Thank fuck. I slide into her slick pussy and lift her leg again. This feels so damn good. Dangerously good. “I love this fucking dress.”

“I love that you love it.”

I fuck her fast and hard. The wall vibrates behind us, and I feel sorry for anyone who happens to be in the room next to us. There’s no way they don’t know what’s happening with the banging mixed with Calla moaning “yes” and “Oh god” over and over again. Her nails dig into my back, even with a shirt on. I’m gripping her thigh hard enough that it might just leave a bruise. I feel bad about that, but I can’t pull back now. I need this. She needs this.

“I’m gonna come inside you, baby,” I tell her. “I’m gonna fill you up.”

Her hands move from my back down to my ass. Her touching me is all it takes for me to reach the edge. When she feels me go still inside her, she holds me in place as if she’s making sure to get every last drop of my cum.

As soon as she’s milked me dry, I realize what I’ve done. I came inside a woman. Something I was always warned against growing up. So much so that I’ve never even had an interest in fucking without a condom. Sure, I wanted to know what it felt like, but not enough to risk pregnancy or diseases. But now, I feel my cum all around her pussy. What would it feel like to know I put a baby in her? Watch her stomach grow with my baby? The thought alone makes my cock twitch in her pussy.

Is this a new kink I’ve recently developed, or is this what it feels like when you actually want a future with someone?

Either way, it scares the hell out of me how much I like the idea.

I slowly pull out of her and use my fingers to push any runaway cum back inside her pussy. Then I move her panties back in place, securing it in there for the night. Such a caveman thing to do, but I want her smelling like me when she’s around that asshole. I can’t help it.
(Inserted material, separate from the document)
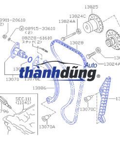 Tỳ xích cam Toyota Hiace có nhiệm vụ đảm bảo xích cam luôn hoạt động chính xác, đồng bộ với trục cam và trục khuỷu. Giúp truyền chuyển động từ trục khuỷu đến trục cam một cách trơn tru và hiệu quả. Giảm thiểu hao mòn và tiếng ồn trong hệ thống truyền động trục cam. Tỳ xích cam thường được làm bằng nhựa hoặc kim loại (như thép, nhôm). Nó có hình dạng dài và hẹp, với các rãnh được thiết kế để ôm sát vào xích cam. Tỳ xích cam có thể được cố định vào vị trí bằng ốc vít hoặc chốt. Tỳ xích cam thường được lắp đặt ở bên trong nắp động cơ, gần với xích cam và bánh răng cam. Chất liệu của tỳ xích cam thường phụ thuộc vào kiểu xe và điều kiện hoạt động của động cơ. Nhựa: Nhựa là chất liệu phổ biến nhất cho tỳ xích cam vì nó nhẹ, rẻ tiền và dễ sản xuất. Tuy nhiên, nhựa có độ bền không cao và có thể bị mòn theo thời gian. Kim loại: Kim loại (như thép, nhôm) có độ bền cao hơn nhựa và có thể chịu được tải trọng lớn hơn. Tuy nhiên, kim loại nặng hơn và đắt hơn nhựa.

I bring my cum covered fingers up to her mouth. She opens and sucks them in without me saying a single word. Her smudged red lips look beautiful around my fingers.

“You’re going to remember who you belong to tonight, right, baby?” I ask her as I reluctantly pull my fingers from her mouth.

“Only you, Luke.”

I finally put her leg down and give her one quick kiss. “You might want to fix your lipstick.”
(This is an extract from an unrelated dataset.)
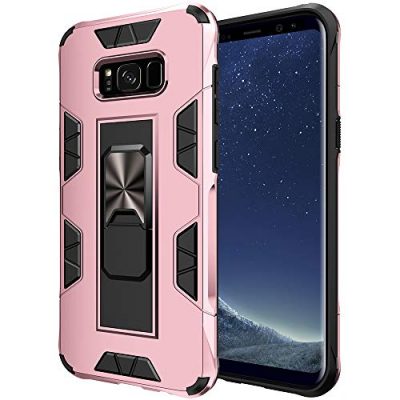 The Samsung Galaxy S8 Plus Case is a military-grade built-in kickstand case holder that offers heavy-duty shockproof cover protection for the Samsung Galaxy S8 Plus. It features a built-in hide kickstand for video calls or watching videos, a built-in metal magnetic sheet for convenient use with a magnetic car mount holder, and easy access to all buttons. The case is drop-proof, shockproof, and dust-proof, with four reinforced corners for strong protection. Its rose gold color adds a stylish touch to the phone. The case dimensions are 7.87Lx4.33Wx1.18H. Overall, it provides excellent protection for outdoor activities.

She rolls her eyes. “Damn it.”

“You’re welcome,” I say with a smirk.

I let her off the wall, and she heads to the mirror in the room to try and fix her makeup.
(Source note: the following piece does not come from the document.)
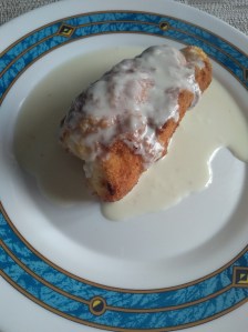Después se saca se emplata y se hace una salsa para acompañar, yo en mi caso hice una salsa de queso, pero vosotros podéis hacer la que más os guste, por ejemplo una de champiñones…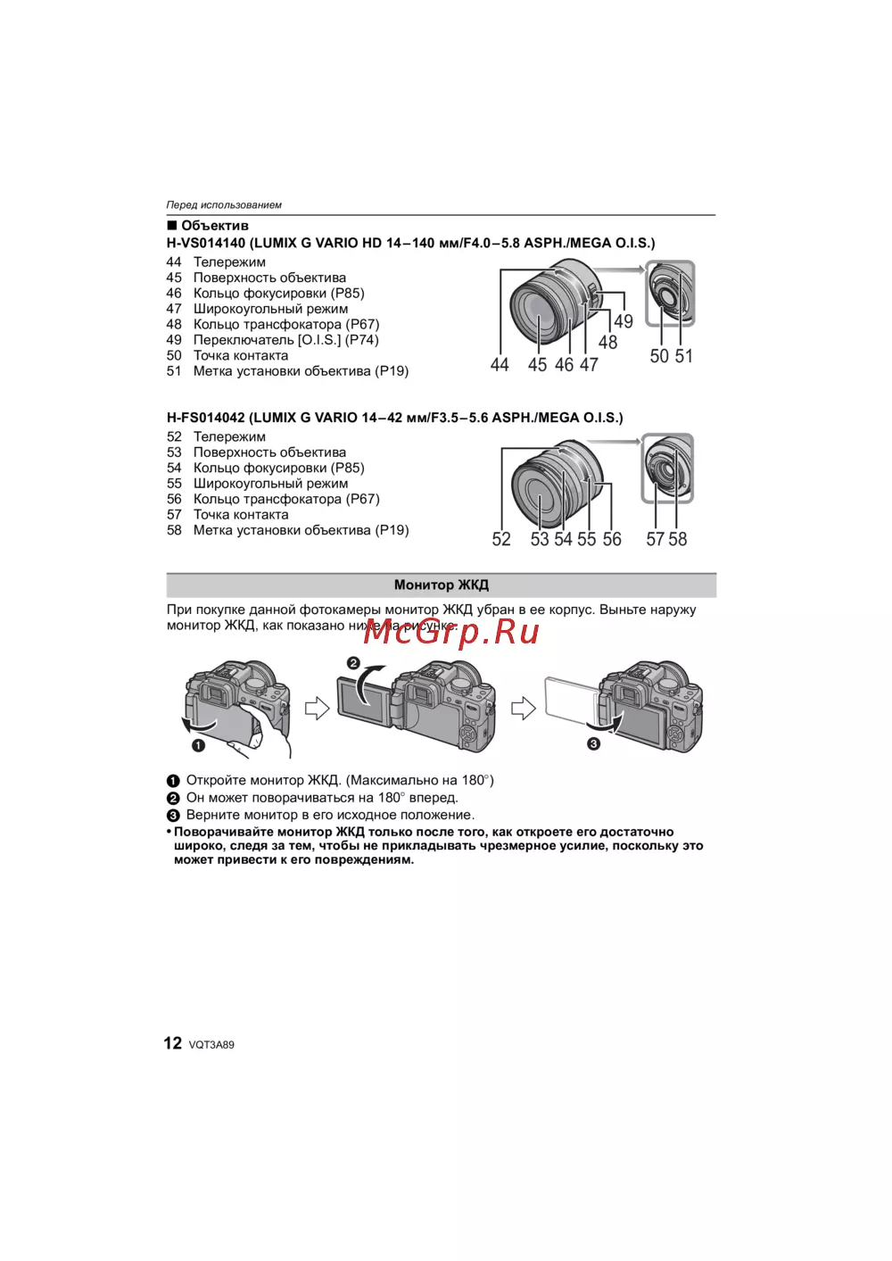 Panasonic Lumix DMC-GH2H Kit Black — инструкция по использованию объектива и ЖКД монитора [12/200]

“Do you feel better now?” she asks me as I tuck in my shirt and button my pants. It’s a hard question to answer. Do I feel better? Yes, I guess I do now that I’ve marked her. But it still sucks knowing the whole world thinks she’s with him. I don’t know if I’ll ever get over that.

But I don’t want to ruin her evening. Hell, she made this stupid agreement to save my ass. It’s not like I won’t be with her all night to make sure Thompson doesn’t get too handsy.

“Yeah, sorry. I don’t know what came over me.”

“Don’t apologize. I kinda like a jealous Luke Pierson.”

Now it’s my turn to roll my eyes. “Well, that makes one of us.”

There’s a loud knock on the hotel room door, and then Ashley yells, “Time to go.”

I look at Calla, who, besides her flushed cheeks, has completely put herself back together. “Alright, let’s go win you some awards.”